■ Task to carry out ■
The required copy runs from the first line of the material through the line containing "青岛滨海学院始建于1992年", exactly as written and without pictures.

■ Collected data ■
★ ★ ★ ★
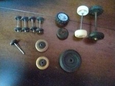 vintage lot of car tires,wheels,axels.PARTS,mixed,PLASTIC, WOOD,WIANDOTTE TOYS
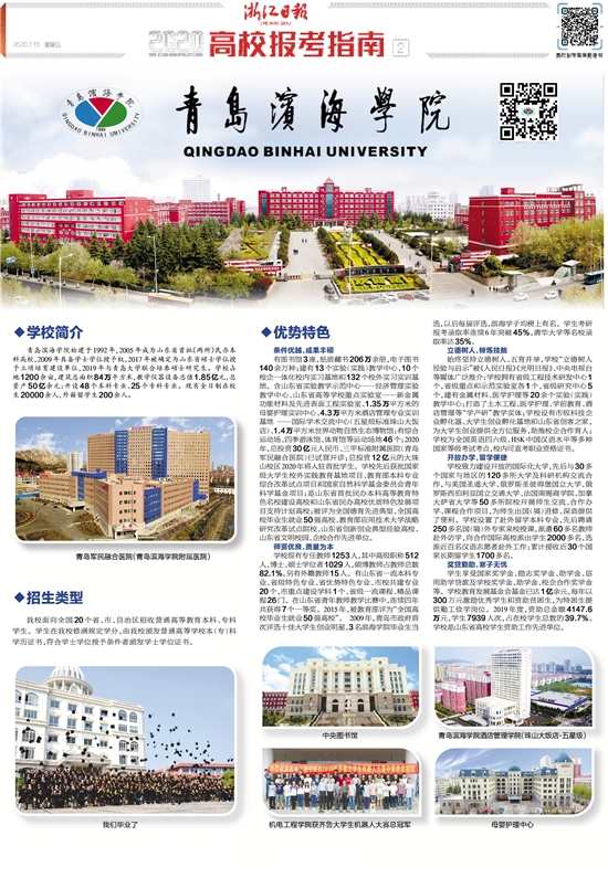 青岛滨海学院始建于1992年,2005年成为山东省首批(两所)民办本科高校,2009年具备学士学位授予权,2017年被确定为山东省硕士学位授予立项培育建设单位,2019年与青岛大学联合培养硕士研究生。学校占地1200余亩,建筑总面积84万平方米,教学仪器设备总值1.85亿元,总资产50亿余元;开设48个本科专业、25个专科专业。现有全日制在校生20000余人,外籍留学生200余人。
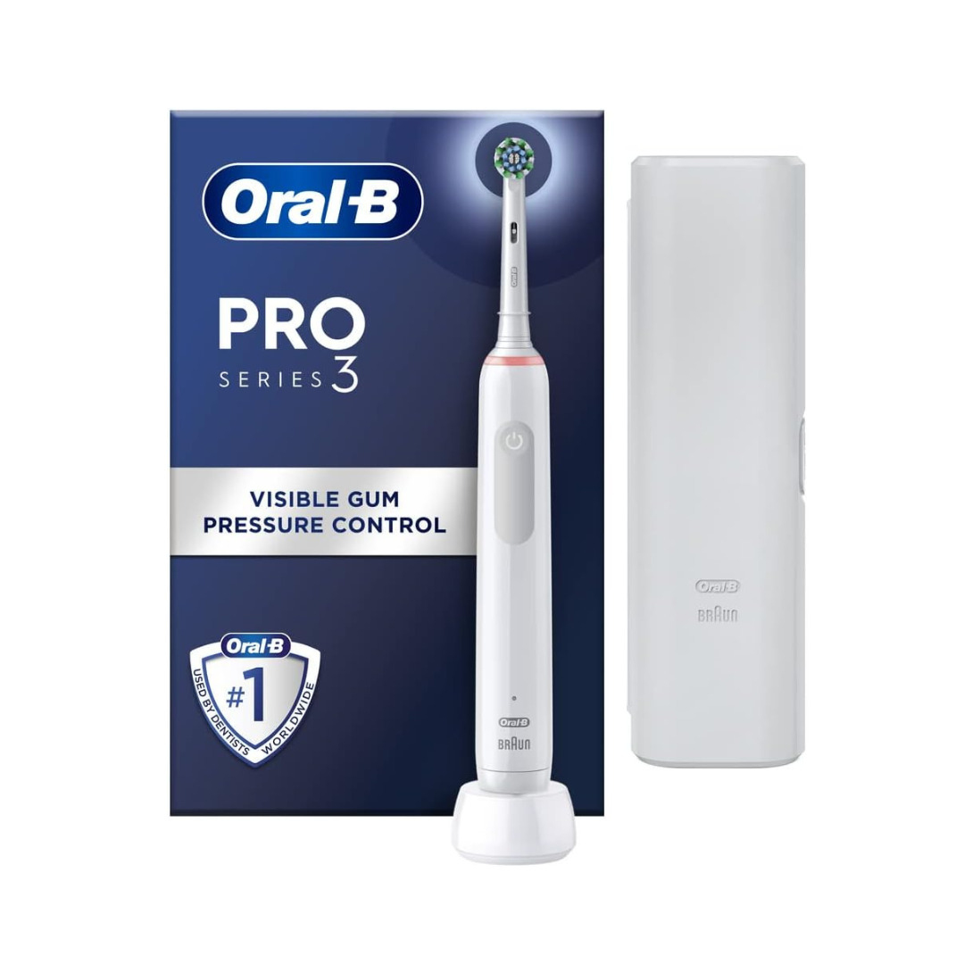 Oral-B Pro Series 3 Electric Toothbrush White + Case, 3 Modes, CrossAction Head
★ ★ ★ ★
■ Response to the task ■
 vintage lot of car tires,wheels,axels.PARTS,mixed,PLASTIC, WOOD,WIANDOTTE TOYS
 青岛滨海学院始建于1992年,2005年成为山东省首批(两所)民办本科高校,2009年具备学士学位授予权,2017年被确定为山东省硕士学位授予立项培育建设单位,2019年与青岛大学联合培养硕士研究生。学校占地1200余亩,建筑总面积84万平方米,教学仪器设备总值1.85亿元,总资产50亿余元;开设48个本科专业、25个专科专业。现有全日制在校生20000余人,外籍留学生200余人。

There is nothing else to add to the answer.